- Origin: Tucker, Georgia, U.S.
- Genres: Pop rock, indie rock, alternative rock, power pop
- Labels: Island, Columbia
- Members: Evan Lowenstein Jaron Lowenstein

= Evan and Jaron =

American musical duo

Evan Mitchell Lowenstein and Jaron David Lowenstein (born March 18, 1974) are American musicians and identical twin brothers who performed as Evan and Jaron. They are best known for their 2000 debut single, "Crazy for This Girl", which peaked at number 15 on the Billboard Hot 100. Evan and Jaron have recorded three studio albums.

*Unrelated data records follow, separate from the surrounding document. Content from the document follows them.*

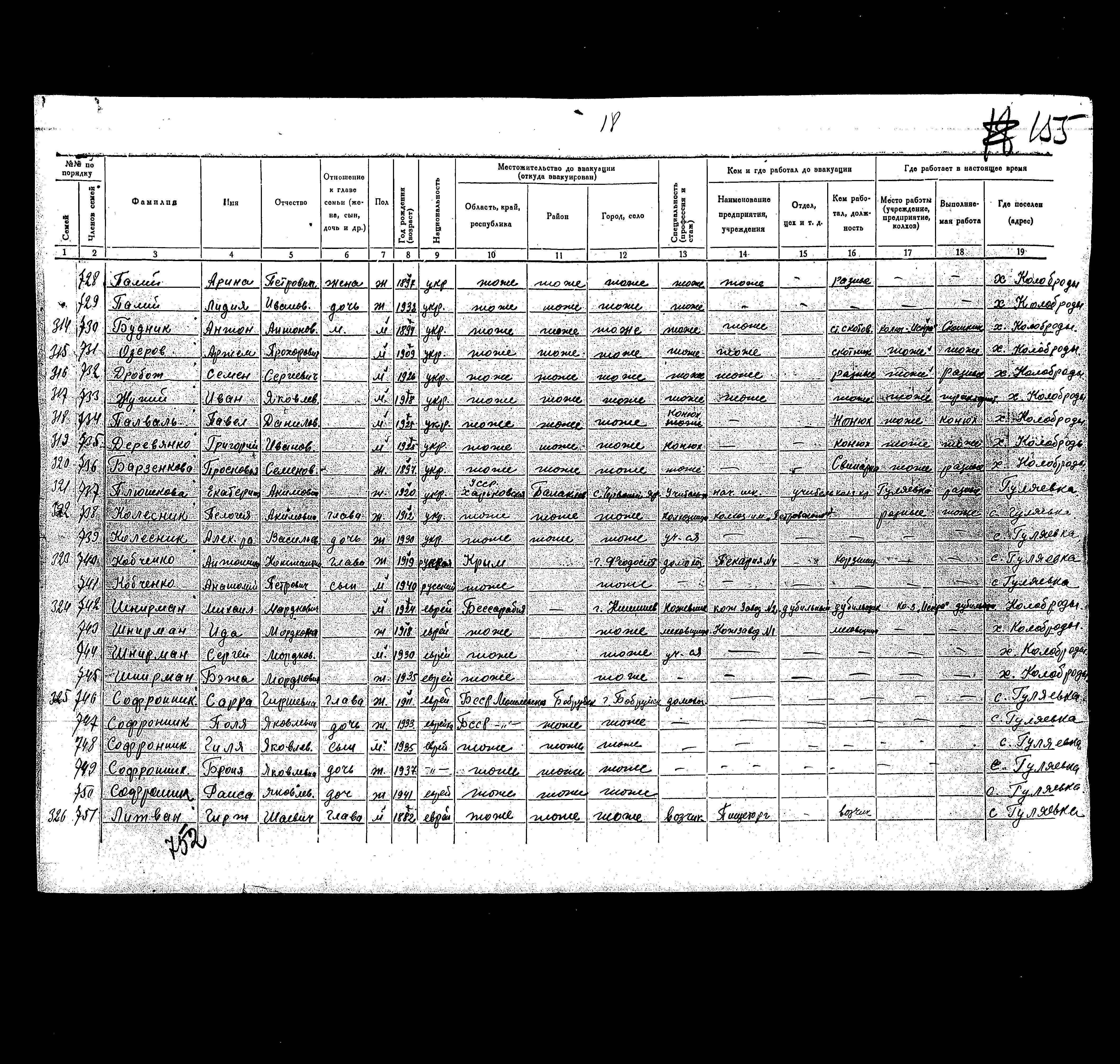 ראיסה נרשם/ה בעקבות הפינוי\ באזורים הפניים של ברית המועצות.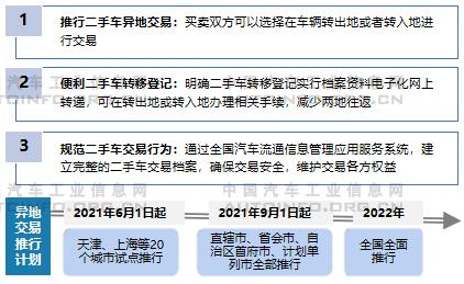 2021年4月7日,商务部、公安部、税务总局联合印发《关于推进二手车交易登记跨省通办 便利二手车异地交易的通知》,从制度方面着力解决二手车异地交易周期长、不便捷等问题,具体包括以下三点: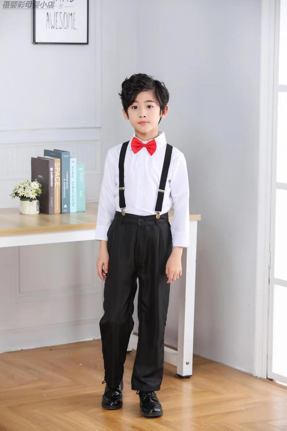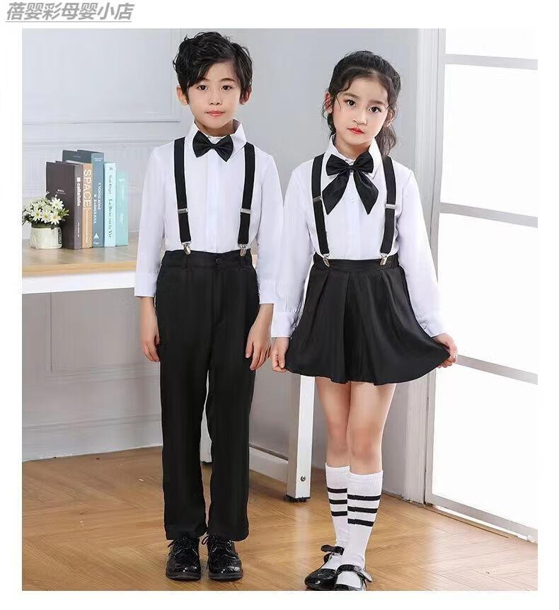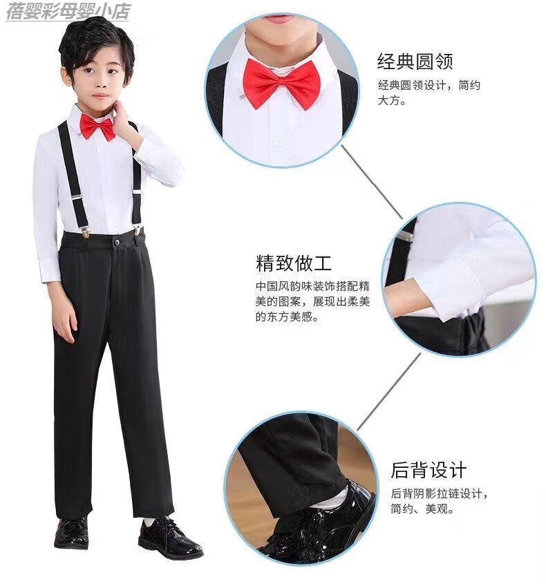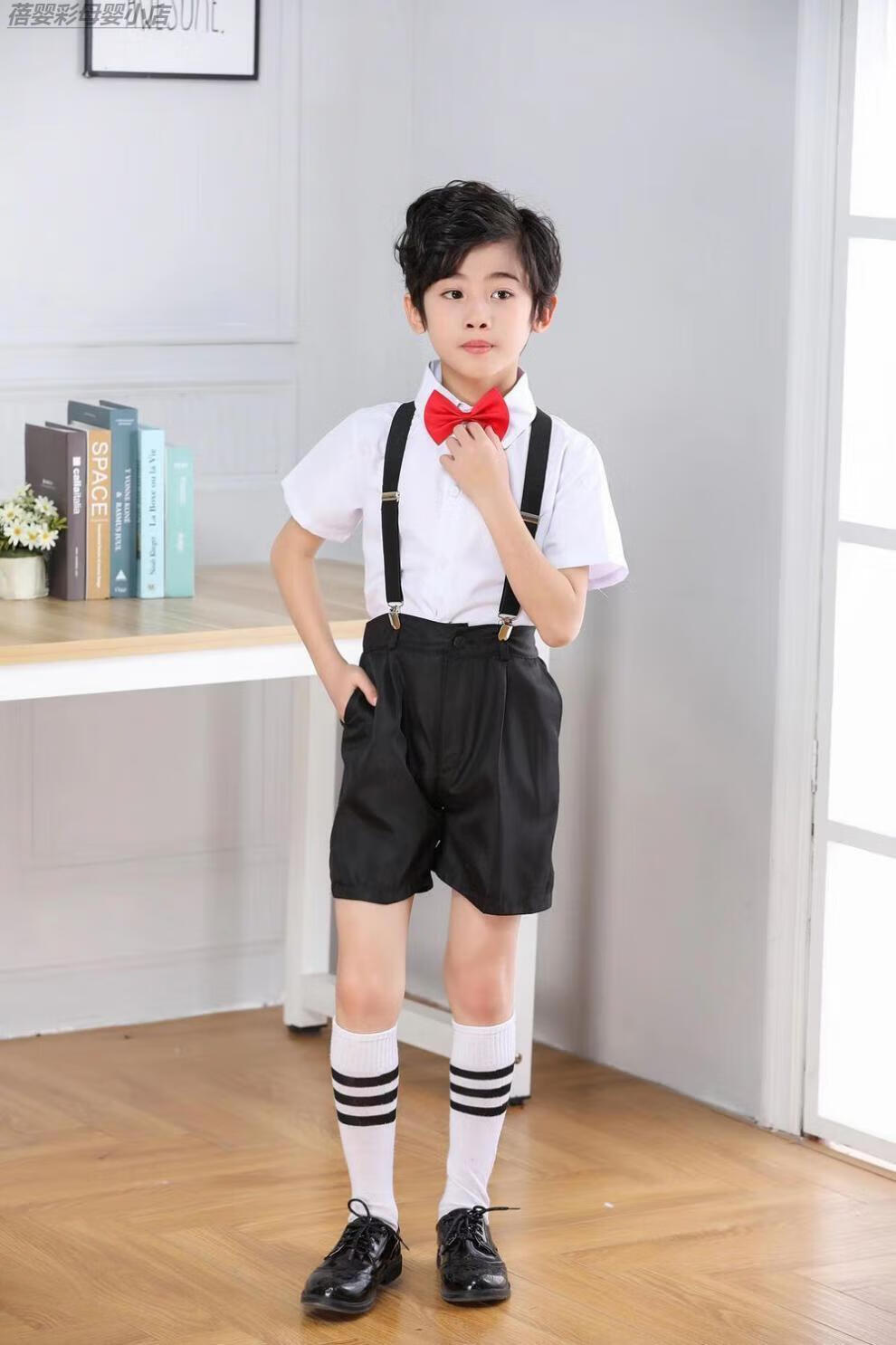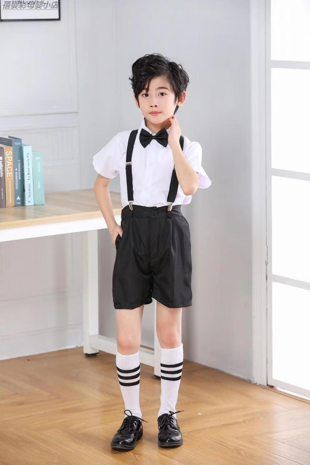 Children's Day Children's Day Performance Clothes Kindergarten Performance Clothing Kindergarten Performance Children's Performance Clothes Chorus Clothes Dance Recitation Dress Princess Skirt Puff Skirt Overalls Kindergarten Students Men's Short-Sleeved Shorts + Black Tie Suspenders + Socks 120

==Early lives and family==
Evan and Jaron Lowenstein grew up in Tucker, Georgia. They are identical twins, born March 18, 1974. Their parents are Leslie (Diamond) and Charles Lowenstein. The duo were raised in an Orthodox Jewish family, and attended Greenfield Hebrew Academy and Yeshiva High School (which have since merged to form the Atlanta Jewish Academy). Through their mother, they are related (by marriage) to actor Logan Lerman.

==Music career==
Evan and Jaron began performing in the folk-pop genre in coffee houses in their hometown of Atlanta. In 1994, their live album, Live at KaLo's Coffee House was released. After touring for a year, Evan and Jaron released a second independent album, Not from Concentrate (1996) and performed at the 1996 Atlanta Olympics. While touring, they were noticed by Jimmy Buffett, who signed them to Island Records. Island released the album We've Never Heard of You Either in 1998.

In 2000, the duo released Evan and Jaron for Columbia Records. The album included the top 40 singles "Crazy for This Girl", "From My Head to My Heart", and "The Distance". With the benefit of heavy publicity from Columbia, "Crazy for This Girl" peaked at No. 15 and was included on the soundtrack of the Dawson's Creek television series; the single has become Evan and Jaron's "signature song".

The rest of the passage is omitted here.